Career highlights and awards
- 2× World Series champion (1995, 2015); Kansas City Royals Hall of Fame;

= Ned Yost =

American baseball player and manager (born 1954)

Edgar Frederick Yost III (/ˈjoʊst/; born August 19, 1954) is an American former Major League Baseball (MLB) catcher and manager of the Milwaukee Brewers and Kansas City Royals. He played for the Brewers, Texas Rangers, and Montreal Expos. Since 2025, he has served as a senior advisor to Royals general manager J. J. Picollo.

==Early life==
Yost was born on California's North Coast in Eureka. Yost attended and played baseball at Dublin High School in Dublin, California. He had significant difficulty hitting prior to his junior and senior years, yet improved after building physical strength by working as a pot-scrubber at a Kentucky Fried Chicken restaurant. After high school, Yost attended Chabot Junior College in Hayward, California, where he walked on to Chabot's baseball team after receiving no offers to play for other schools.

==Playing career==
Yost was selected twice in the 1974 MLB draft, first by the Montreal Expos in the second round (33rd overall) in January, but he signed his first professional contract with the New York Mets which picked him in the first round (7th overall) of the June secondary phase. He went to the Brewers in the Rule 5 draft on December 5, 1977.

Yost, as a player, was used primarily as a backup catcher for the Brewers from 1980 to 1983 (which included the 1982 World Series), and then spent a year with the Texas Rangers (1984; he played a career-high 80 games with the Rangers, hitting .182) and played 5 games for the Montreal Expos (1985) before retiring.

He never had more than 242 at bats in a season. He ended his career with a .212 batting average, and .237 on-base percentage, in 605 at bats. He had a .982 fielding percentage (the league average was .987).

Yost briefly had a second career as a taxidermist in Jackson, Mississippi, in between his playing days and coaching days.

==Coaching career==
After a brief stint managing in the minors, Yost joined the Atlanta Braves organization. He was the Braves' bullpen coach from 1991 to 1998 and earned a ring as a part of the 1995 World Series championship team that defeated the Cleveland Indians in six games. He also was part of the 1991, 1992, 1996, and 1999 National League pennant-winning teams that lost the World Series to the Minnesota Twins (1991), the Toronto Blue Jays (1992), and the New York Yankees (1996, 1999) respectively. In 1999 Yost became the Braves' third base coach, a position he maintained until the end of the 2002 season.

On February 11, 2025, the Kansas City Royals hired Yost to serve as a senior advisor to general manager J. J. Picollo.

==Managing career==

===Milwaukee Brewers===
On October 29, 2002, Yost was named the Brewers manager, succeeding Jerry Royster.
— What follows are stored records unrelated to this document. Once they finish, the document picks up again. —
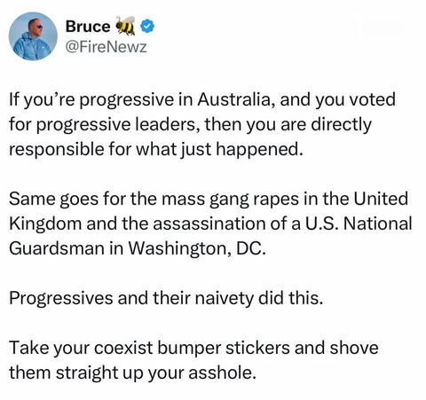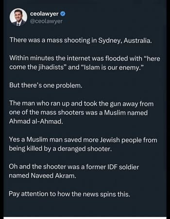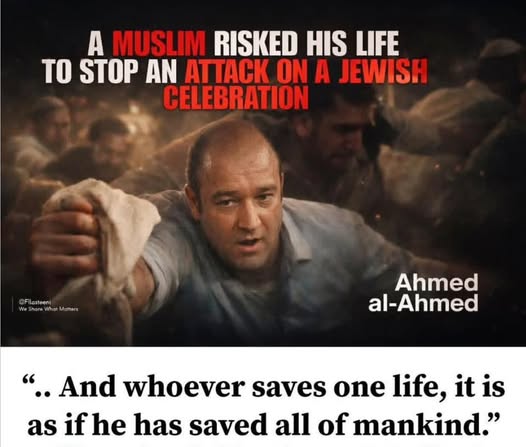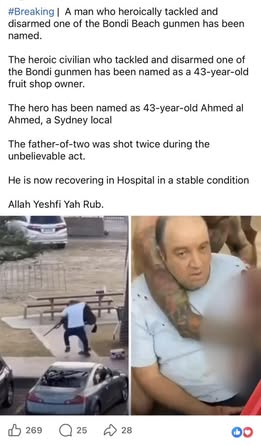 | S.F. | Praising Muslim Hero | "I just woke up to the news from Australia. It’s just unacceptable! I pray for the speedy recovery of those innocents who were injured in the attack. Humanity must be thankful to Ahmad al-Ahmad, the man who saved the lives of many today." Mosab Abu Yoha https://scontent-man2-1.xx.fbcdn.net/v/t39.30808-6/597664127_3190078154497062_5089423909362011416_n.jpg?stp=dst-jpg_p417x417_tt6&_nc_cat=100&ccb=1-7&_nc_sid=bd9a62&_nc_ohc=Kmb2PeffarkQ7kNvwHewp-H&_nc_oc=AdkI4a6MtamGZEaYy_IjFSgdXCeAxowQo3HRIzJG2u-Yb6NdE03XKpN6QJ7Mc2pFdKs&_nc_zt=23&_nc_ht=scontent-man2-1.xx&_nc_gid=gnf6r8zfZw8OxavEmg7A5w&oh=00_Afl4cJz5tDcIsvJ-lXs77_Of-WjZMuYmBkm04o3nEUI4ZQ&oe=6945ED8B | |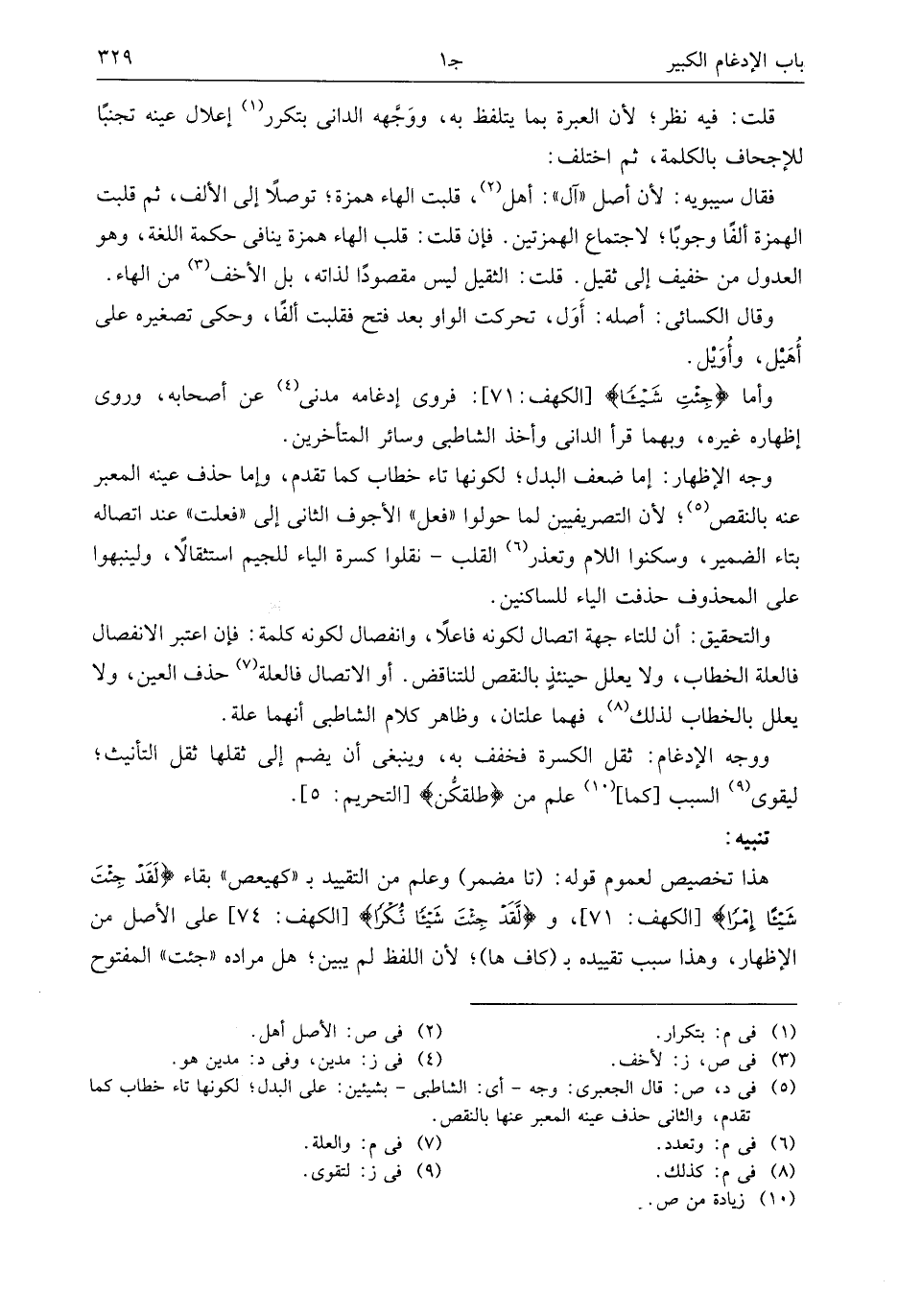 وأما جِئْتَ شَيْئاً [الكهف: 71]: فروى إدغامه مدنى (¬4) عن أصحابه، وروى إظهاره غيره، وبهما قرأ الدانى وأخذ الشاطبى وسائر المتأخرين.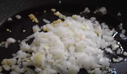 Después, salteamos unos segundos a fuego medio y antes de que los ajos comiencen a coger color echamos la cebolla también picada en trocitos. Ponemos un poquito de sal y dejamos rehogar unos minutos.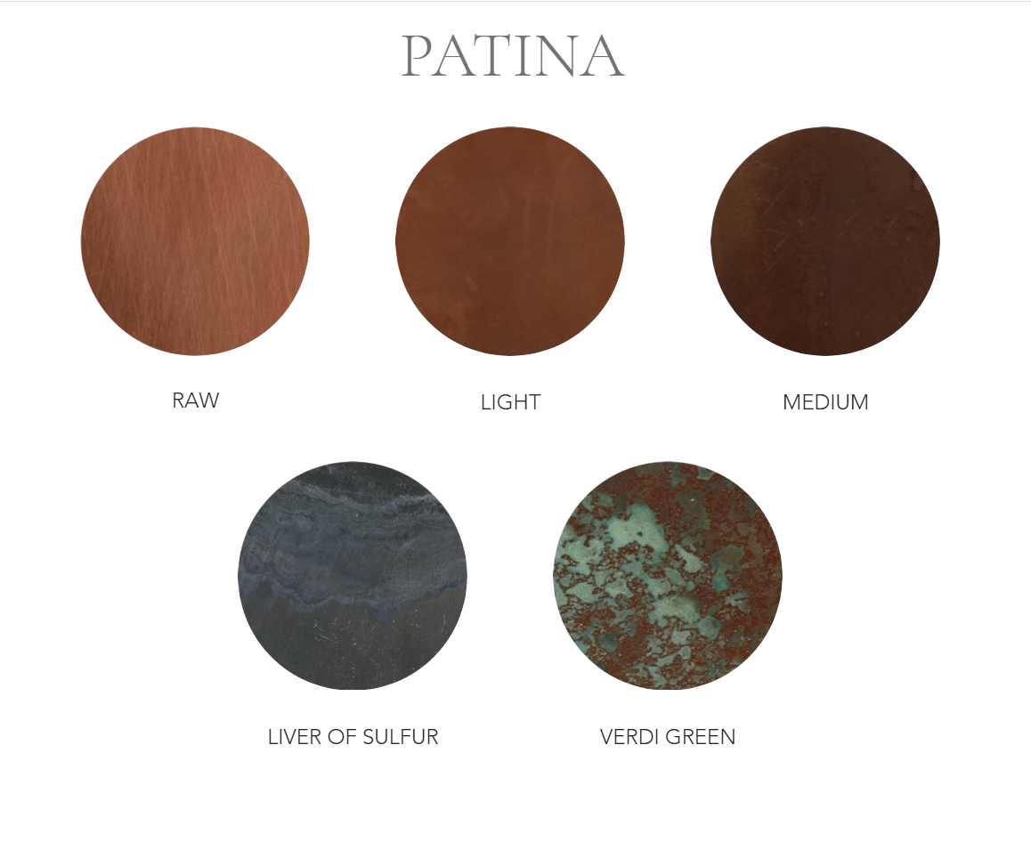 All patina finishes are the result of a chemical process that involves many different factors. There can be variations in color and consistency. As the Patina is a living finish, it will continue to change over time.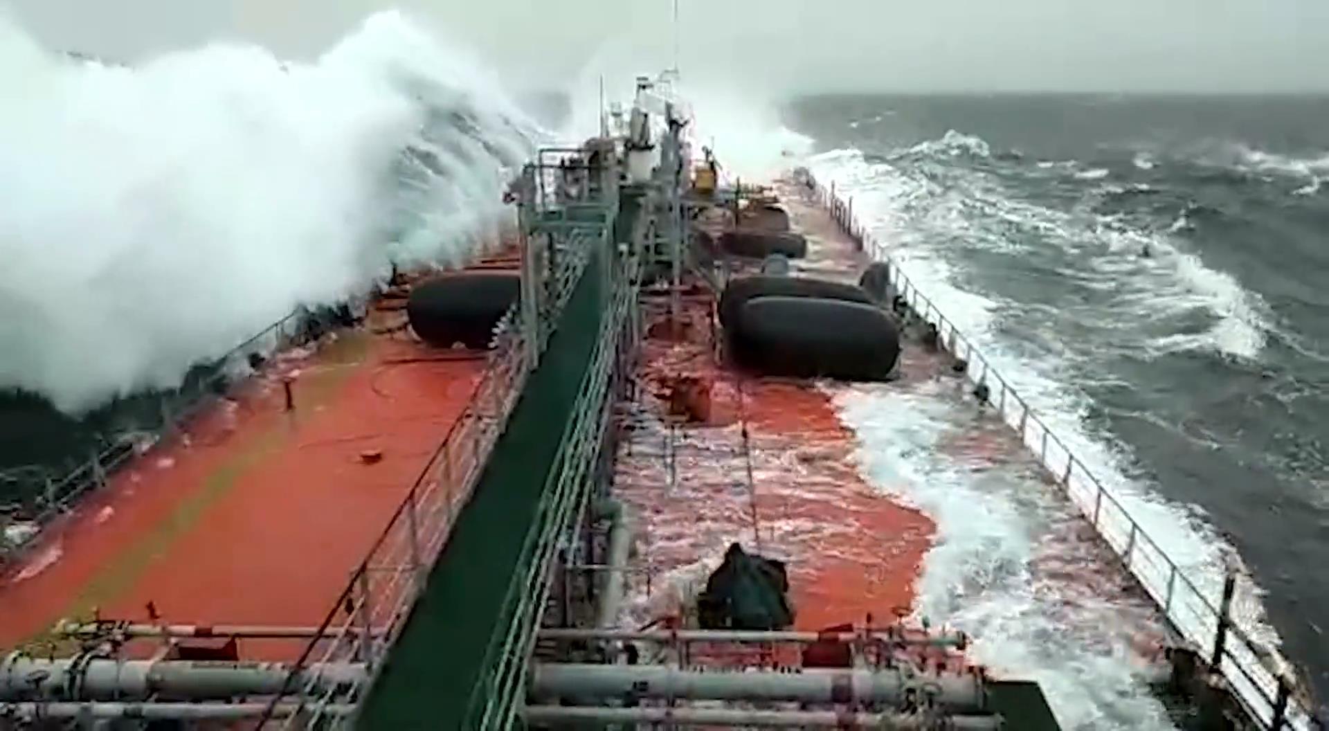 Během velké bouře v Baltském moři, Obrovská vlna zasáhla a zničila kapitánův most na ruském ropném tankeru. Naštěstí, loď mohla bezpečně pokračovat v kurzu.

National League manager Tony La Russa named Yost to be part of his coaching staff for the 2005 MLB All-Star Game.

Yost's tenure oversaw a revitalization of the Brewers franchise, leading them from losing records to championship contender. However, his teams were plagued by inconsistency, most notably squandering a large lead in the division during the 2007 season and a significant advantage in the wild card race in 2008. Yost finished seventh in voting for Manager of the Year in 2007. While he wore No. 5 on his jersey as a player with the Brewers, as a manager, he wore No. 3 on his jersey as a tribute to his close friend, deceased NASCAR racer and baseball fan Dale Earnhardt.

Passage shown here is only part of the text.